NAME
TextFileParser - an extensible Perl class to parse any text file by specifying grammar in derived classes.
VERSION
version 0.1821905
SYNOPSIS
use strict;
use warnings;
use TextFileParser;
my $parser = new TextFileParser;
$parser->read(shift @ARGV);
print $parser->get_records, "\n";
The above code reads a text file and prints the content to STDOUT
.
Here's another parser which is derived from TextFileParser
as the base class. See how simple it is to make your own parser.
use strict;
use warnings;
package CSVParser;
use parent 'TextFileParser';
sub save_record {
my ($self, $line) = @_;
chomp $line;
my (@fields) = split /,/, $line;
$self->SUPER::save_record(\@fields);
}
package main;
my $a_parser = new CSVParser;
$a_parser->read(shift @ARGV);
foreach my $rec ($a_parser->get_records) {
print $_, "\t" for (@{$rec});
print "\n";
}
METHODS
new
Takes no arguments. Returns a blessed reference of the object.

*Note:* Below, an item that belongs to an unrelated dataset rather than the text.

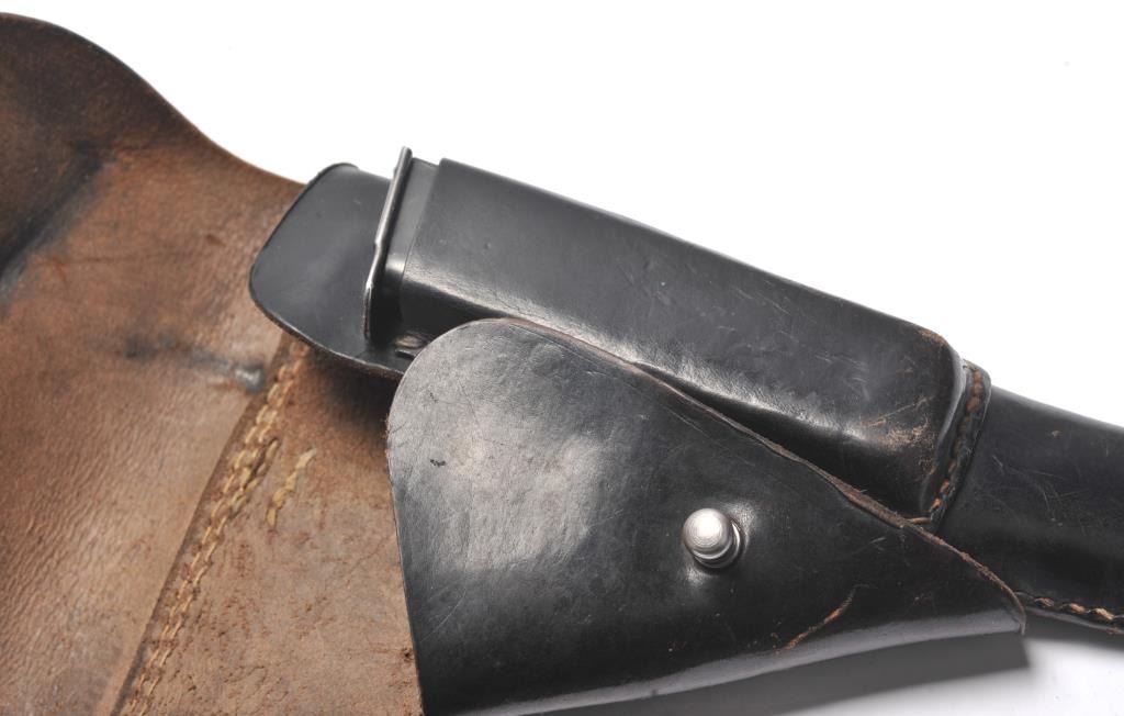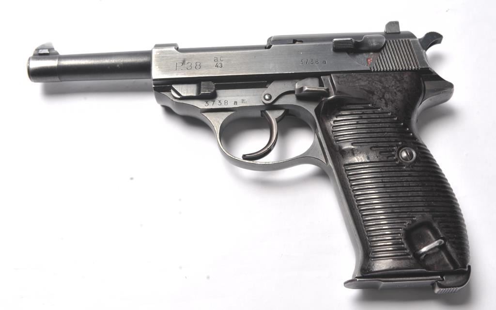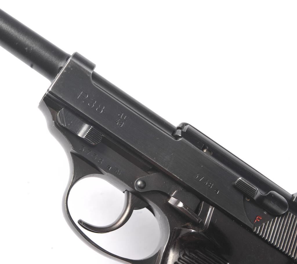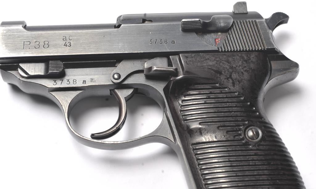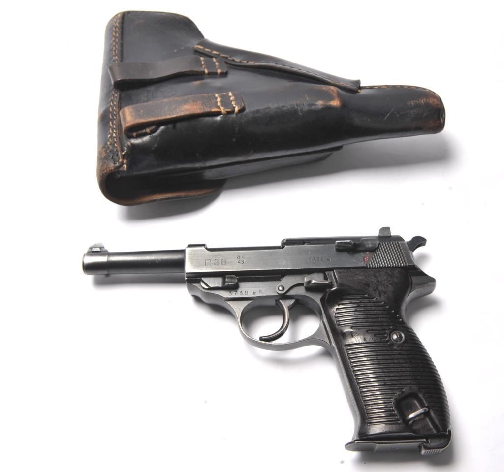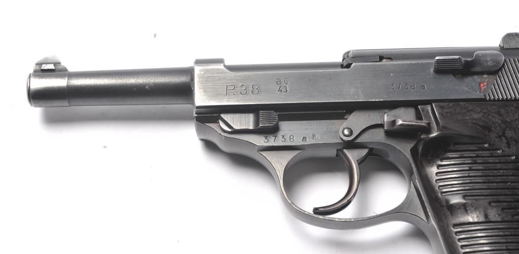 Walther P-38 semi-automatic pistol, 9mm caliber, Serial #3738a. The pistol is in near fine overall condition retaining a significant amount of military finish dated 1943. The slide and frame have numerousproofs and acceptance marks including the Waffen Eagle and other Nazi marks. The textured plastic grips are in very good condition with small mars and handling marks. The lot includes a period leather flapholster dated 1944 with a Nazi Eagle with swastika marked, “WaA159”. The holster is in good condition with scuffing some loss of finish. The lot further includes two correct magazines marked P38. The bore is good, the action is crisp and the markings are sharp on this WWII era P38 by Walther. Est.: $750-$1,500. (C+R/PPT).

my $pars = new TextFileParser;
read
Takes zero or one string argument with the name of the file. Throws an exception if filename provided is either non-existent or cannot be read for any reason.
$pars->read($filename);
# The above is equivalent to the following
$pars->filename($anotherfile);
$pars->read();
Returns once all records have been read or if an exception is thrown for any parsing errors. This function will handle all open
and close
operations on all files even if any exception is thrown.
use Try::Tiny;
try {
$pars->read('myfile.txt');
} catch {
print STDERR $_, "\n";
}
You're better-off not overriding this subroutine. Override save_record
instead. If you want to intervene in the file open
step you can't do it for now. A new version will explain how you can do that.
filename
Takes zero or one string argument with the name of a file. Returns the name of the file that was last opened if any. Returns undef if no file has been opened. This is most useful in generating error messages.
lines_parsed
Takes no arguments. Returns the number of lines last parsed.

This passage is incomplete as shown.